This is an example from a research project conducted by a group led by Professors Douglas McCauley and Fiorenza Micheli. It illustrates the organized and thorough method they used to name the thousands of image files that they collected for this project.

Images of one study tile in place at the Palmyra Atoll (left) and in the lab after collection.

The research

The project involved installing approximately 180 tiles in an underwater area near the Palmyra Atoll in the South Pacific and leaving them in place for a specified amount of time. At the end of that time, the plates were retrieved for analysis. The researchers photographed the plates in place during the research, and then again after they were retrieved. The images above show one particular plate in place during the study (left) and then again after retrieval (right).

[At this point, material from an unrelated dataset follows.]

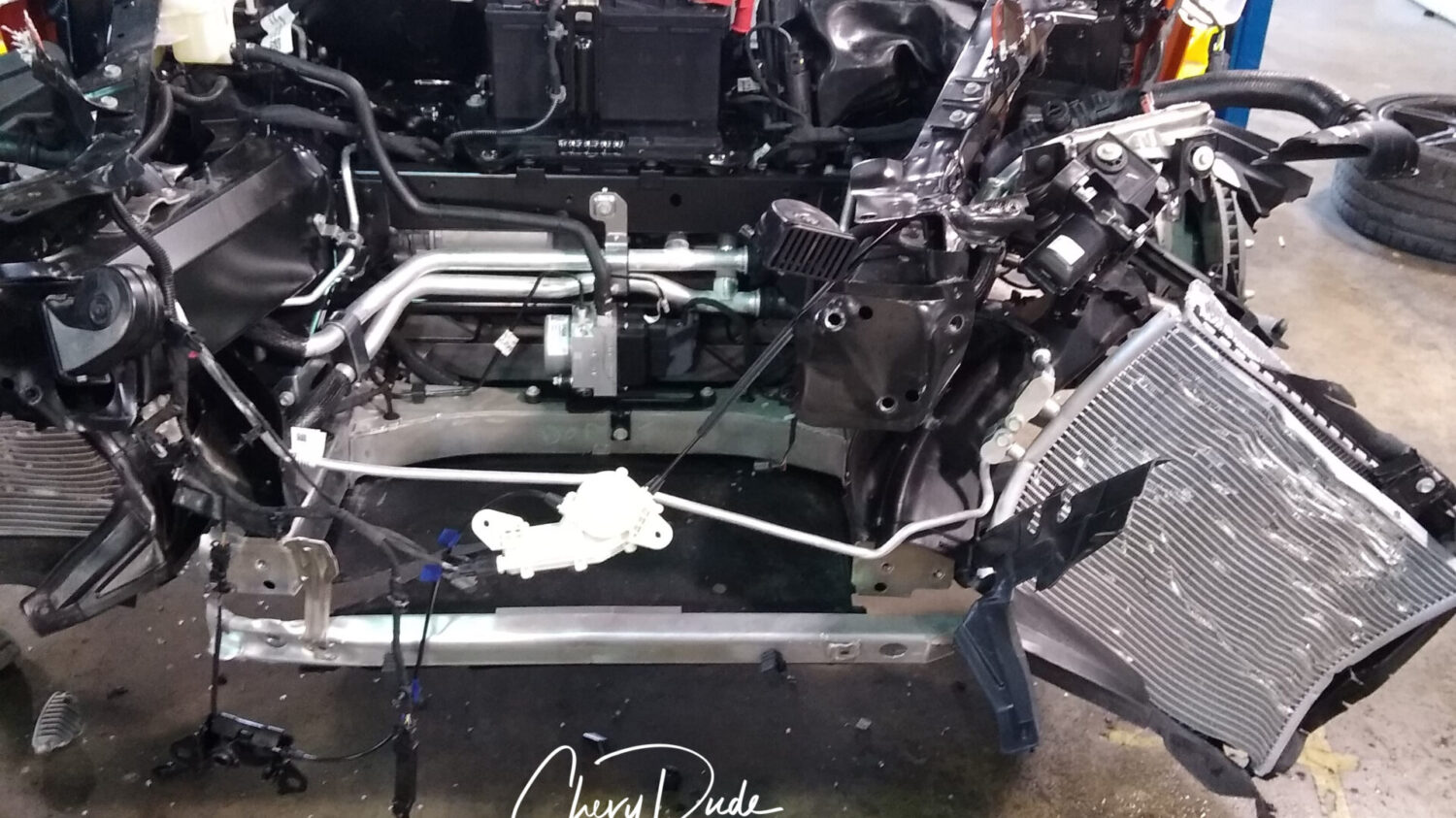 Looking closer at the car there are 2 front impact beams. The beams did their job and are easily replaceable, but It’s just a matter of getting parts. Getting parts on a brand new car can be the hardest part of the repair.

The researchers wanted to track several things about the plates:

 

  • at which of the study sites the plate was installed
  • depth of the water at the site
  • date
  • number of the tile
  • whether the tile had been caged or uncaged
  • number assigned to photo by the camera
  • whether the post-removal photo was of the entire tile or only a certain section of the tile

 

The naming convention

Here is the general naming convention decided upon for the photographs:

 

  • Sites are named FR3, FR7, and FR9. Those designations are used in the file names.
  • File name is followed immediately by a letter to indicate depth. S=shallow, M=middle, D=deep. This is followed by a period.
  • Dates are formated as YYMMDD, for example 140623 is June 23, 2014. Dates are followed by a period.
  • Tile number (these are on the tiles)
  • Tile number is followed immediately by a letter to indicate treatment. C=caged and U=uncaged. This is followed by a period.
  • Photo number assigned by camera, followed by a period.
  • Single letter designation for photo coverage. W=whole plate, A=upper right, B=lower right, C=lower left, D=upper left (tiles are photographed in a uniform orientation when possible).

 

Example

The example photo shown on the right above was named using this convention as

FR3S.140623.129C.2653.W.JPG

How does this translate?

 

  • FR3 = study site FR3
  • S = shallow
  • 140623 = June 23, 2014
  • 129 = tile number 129
  • C = covered treatment
  • 2653 = photo number assigned by camera
  • W = whole tile

 

Imagine how easy it will be for these researchers to track these files and to search or scan through their thousands of images to find all the whole tile images, all the images from deep water, or all the images of tiles that had been uncaged.

The use of a well-documented and consistent naming scheme containing relevant and descriptive information about your files will make your research faster and easier to manage as well.

And don't forget to include your naming scheme documentation in a readme.txt file in your data folder.